在一个经过 IRB 批准的方案下,在五个地点进行了双盲 1b 期随机递增剂量临床试验。轻度认知障碍或轻度 AD(早期 AD)患者通过低 CSF Aβ42/40 确认,然后按剂量组(每个剂量组内)随机分配 Posiphen 或安慰剂。预处理评估包括腰椎穿刺获取 CSF。参与者服用 Posiphen 或安慰剂 21-23 天,然后进行 CSF 导管放置、静脉输注 C-亮氨酸和 36 小时 CSF 采样。通过参与者报告、心电图和实验室测试评估安全性和耐受性。CSF SILK 分析使用免疫沉淀-质谱法测量 Aβ40、38 和 42。使用免疫测定法在基线和第 21 天测量 CSF APP、Aβ 和其他生物标志物。在基线和第 21 天进行 Mini-Mental State Exam 和 ADAS-cog12 测试。
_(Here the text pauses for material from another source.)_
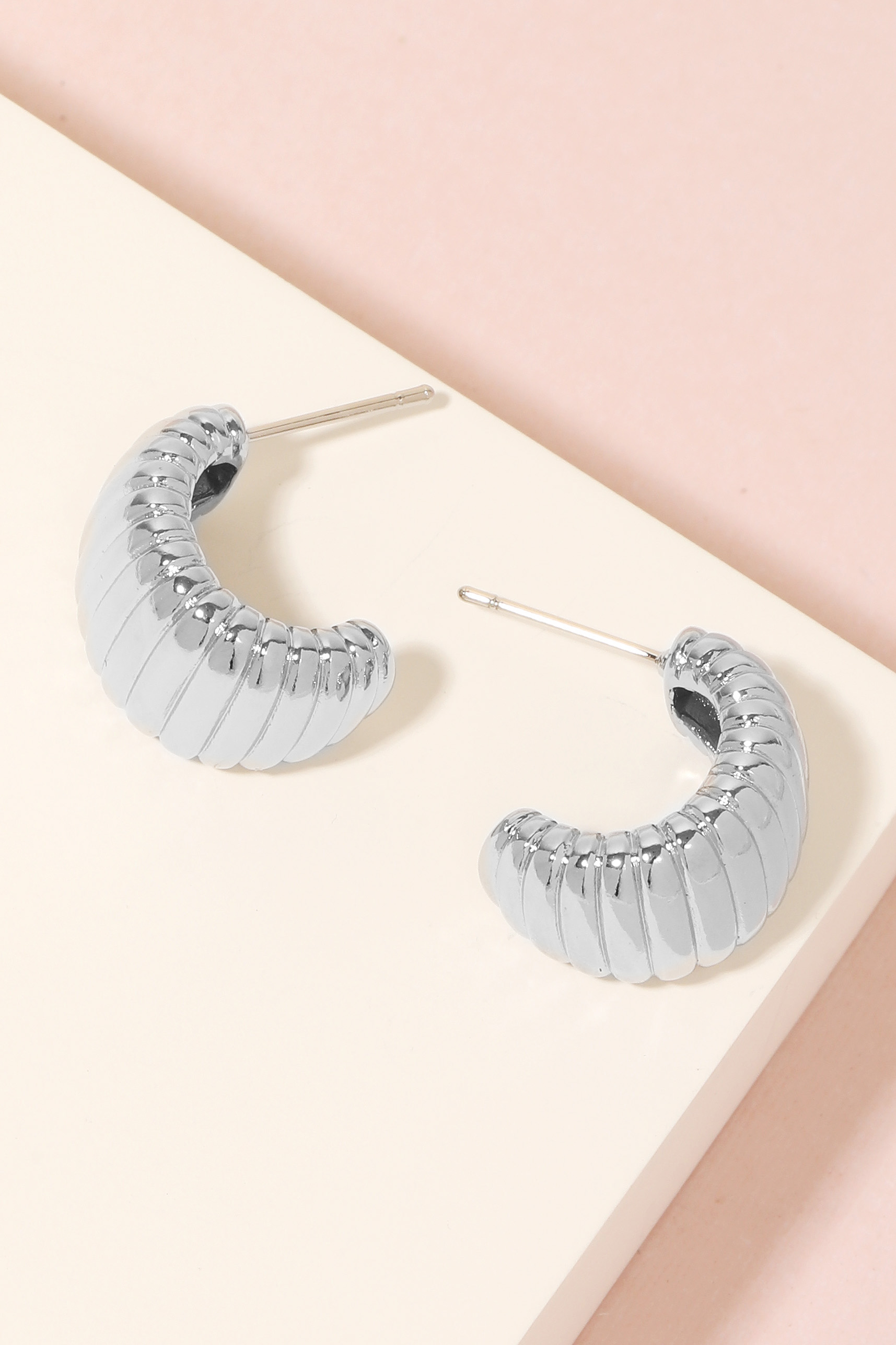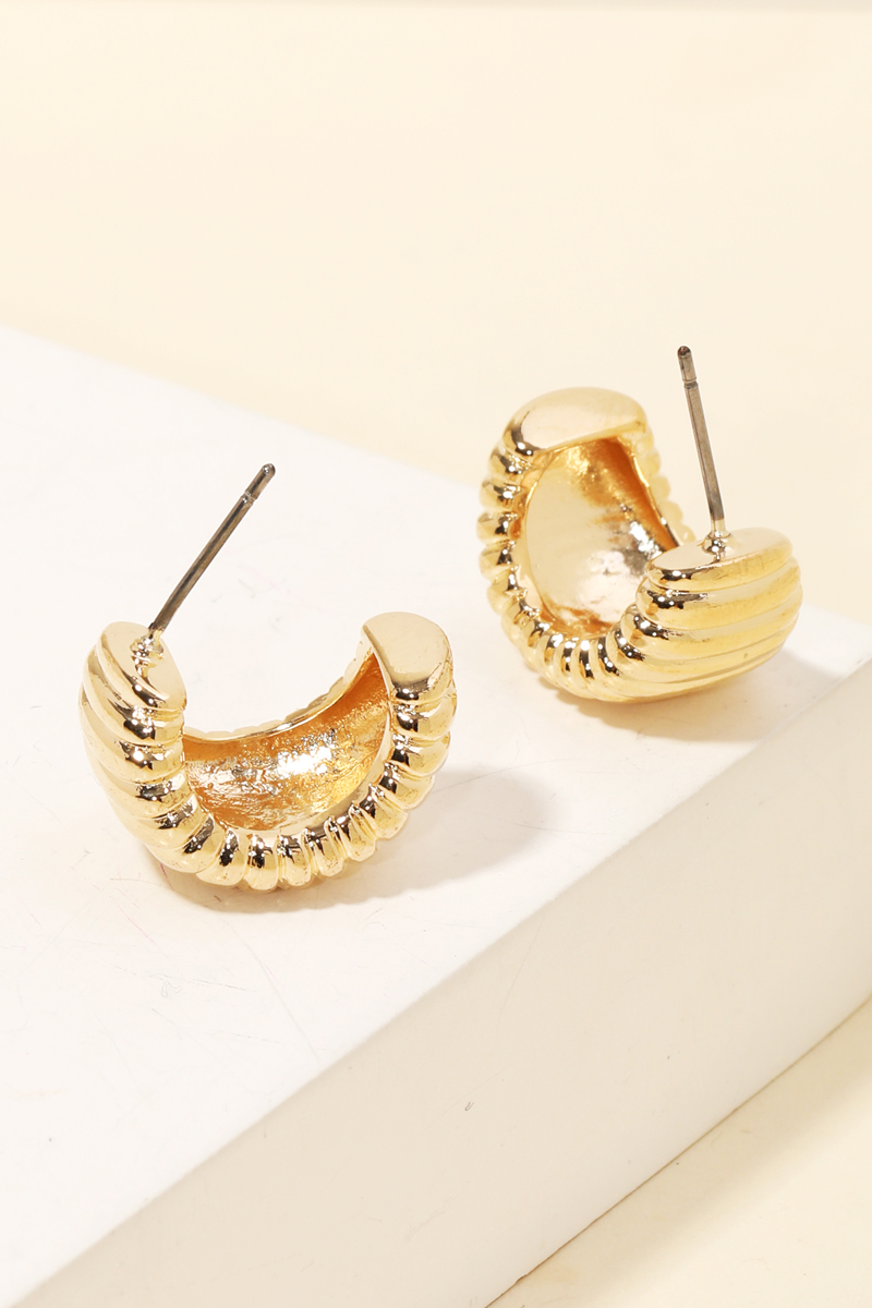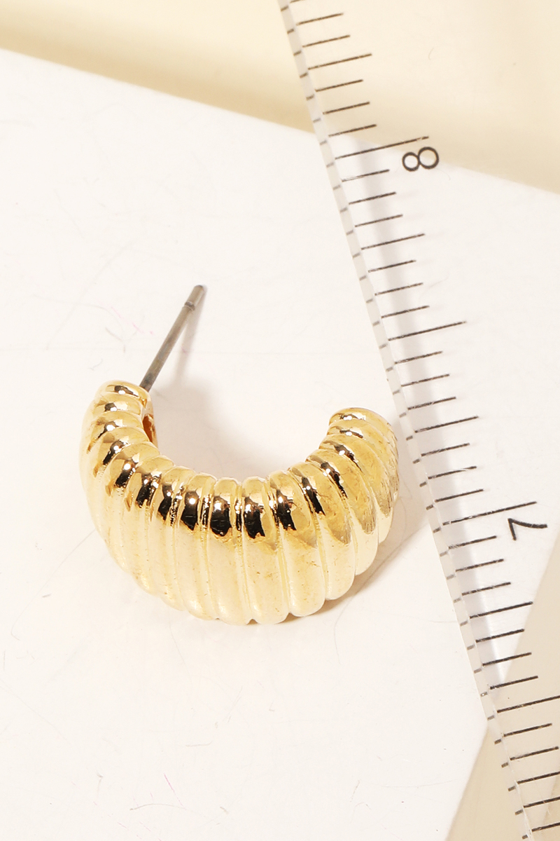 - Stay on-trend and ahead of the fashion curve, this pair of hoop earrings features a distinct metallic ribbed texture design. A stylish pair of hoop earrings that's perfect for complementing any outfit you wear. Available in S and G. This item is sold in packs of 1.

从 2017 年 6 月至 2021 年 12 月,共招募了 19 名参与者,按 60mg 每日一次和 60mg 每日两次(每组 6 名活性药物和 5 名安慰剂)以及 60mg 每日三次(1 名参与者)进行分组随机。10 名活性药物和 5 名安慰剂参与者完成了所有研究程序。Posiphen 安全且耐受性良好。8 名参与者与 CSF 导管插入相关的头痛;5 名需要血补丁。对 CSF Aβ40 的分数合成率(FSR)进行了预设的 SILK 分析,结果显示 Posiphen 与安慰剂相比,没有显示出总体或剂量依赖性的影响。对 APP 动力学的综合多参数建模支持 Posiphen 降低 APP 产生的剂量依赖性。与安慰剂组相比,认知测量和 CSF 生物标志物在 Posiphen 组从基线到第 21 天没有显著变化。
Posiphen 在早期 AD 中安全且耐受性良好。多中心 SILK 研究是可行的。研究结果受到样本量小的限制,但提供了额外的支持安全性和 PK 数据。使用 SILK 数据对生物标志物动态进行综合建模可能会揭示药物的细微作用。
NCT02925650 于 clinicaltrials.gov 注册(于 2016 年 10 月 24 日注册)。